# ?



## Nicolas.P (Mar 10, 2021)

?


----------



## Nicolas.P (Mar 10, 2021)

How does This work


----------



## drop bear (Mar 10, 2021)

Pretty much like that. But with more content.


----------



## Monkey Turned Wolf (Mar 10, 2021)

^What he said. Post questions, threads. Comment answers, or other questions.
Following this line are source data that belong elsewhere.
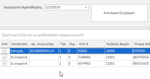 Αφού διορθώσουμε το λάθος κάνουμε Ανανέωση Εγγραφών ξανά, επιλέγουμε τον ασθενή και ξανά κάνουμε Αναγγελία .
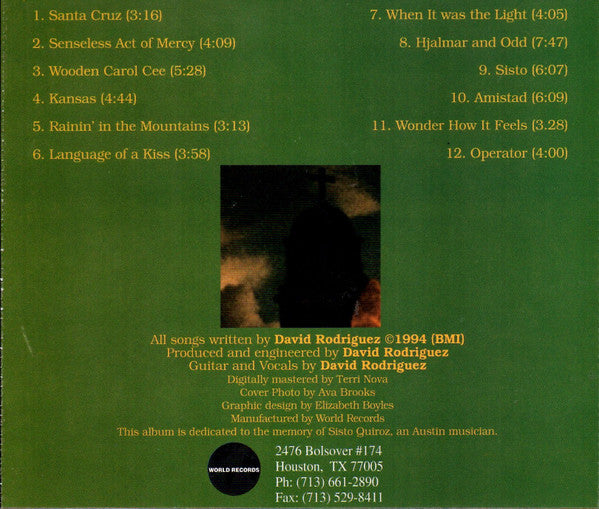 "This album is dedicated to the memory of Sisto Quiroz, an Austin musician." All songs written by David Rodriguez c 1994 (BMI) World Records 603 West 13th Suite 1A Drawer 313 Austin, Texas 78701
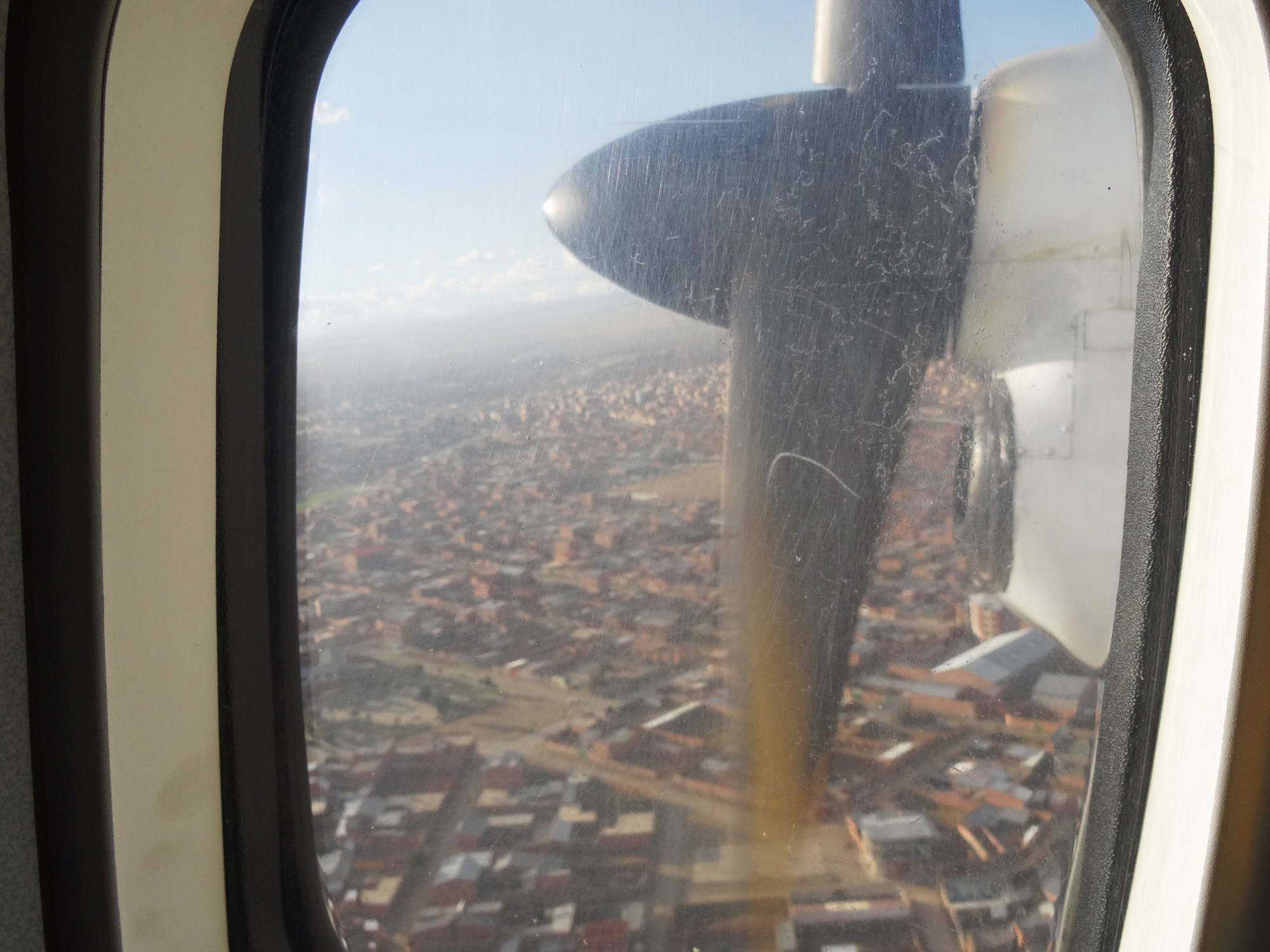 Dann landete unser Flugzeug, ein Propeller Flugzeug.
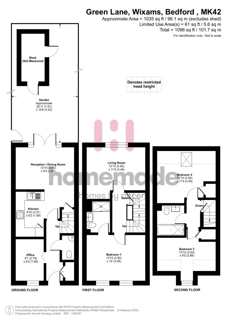 This stunning three bedroom mid-terrace house is located in the sought after area of the Wixams, Bedford. The accommodation is split over three storeys and comprises of entrance hall, office space, open plan kitchen/diner and downstairs W/C. The first floor is home to the the reception room and the master bedroom which boasts an en-suite. The final floor completes the home with two additional bedrooms and a family bathroom.
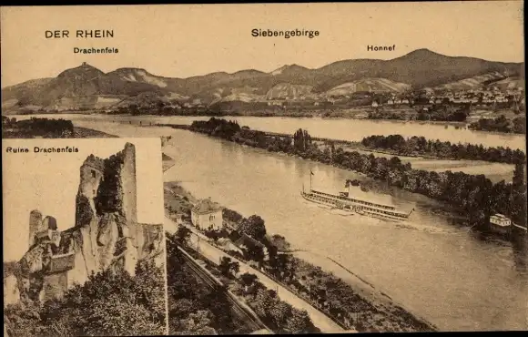 Ak Königswinter am Rhein, Ruine Drachenfels, Honnef, Siebengebirge, Dampfer

Or just general discussion.


----------



## _Simon_ (Mar 11, 2021)

Yes.


----------



## Steve (Mar 11, 2021)

!


----------



## CB Jones (Mar 11, 2021)

Steve said:


> !



I'm more of an exclamation mark person myself.


----------



## Steve (Mar 11, 2021)

CB Jones said:


> I'm more of an exclamation mark person myself.


ME TOO!


----------



## Xue Sheng (Mar 11, 2021)

I'm more of an Interrobang guy myself !?


----------



## Buka (Mar 11, 2021)

I’m a parenthesis.


----------



## Steve (Mar 11, 2021)

Buka said:


> I’m a parenthesis.


(He said with a twinkle in his eye)


----------



## Buka (Mar 11, 2021)

Steve said:


> (He said with a twinkle in his eye)



Oh, snap!


----------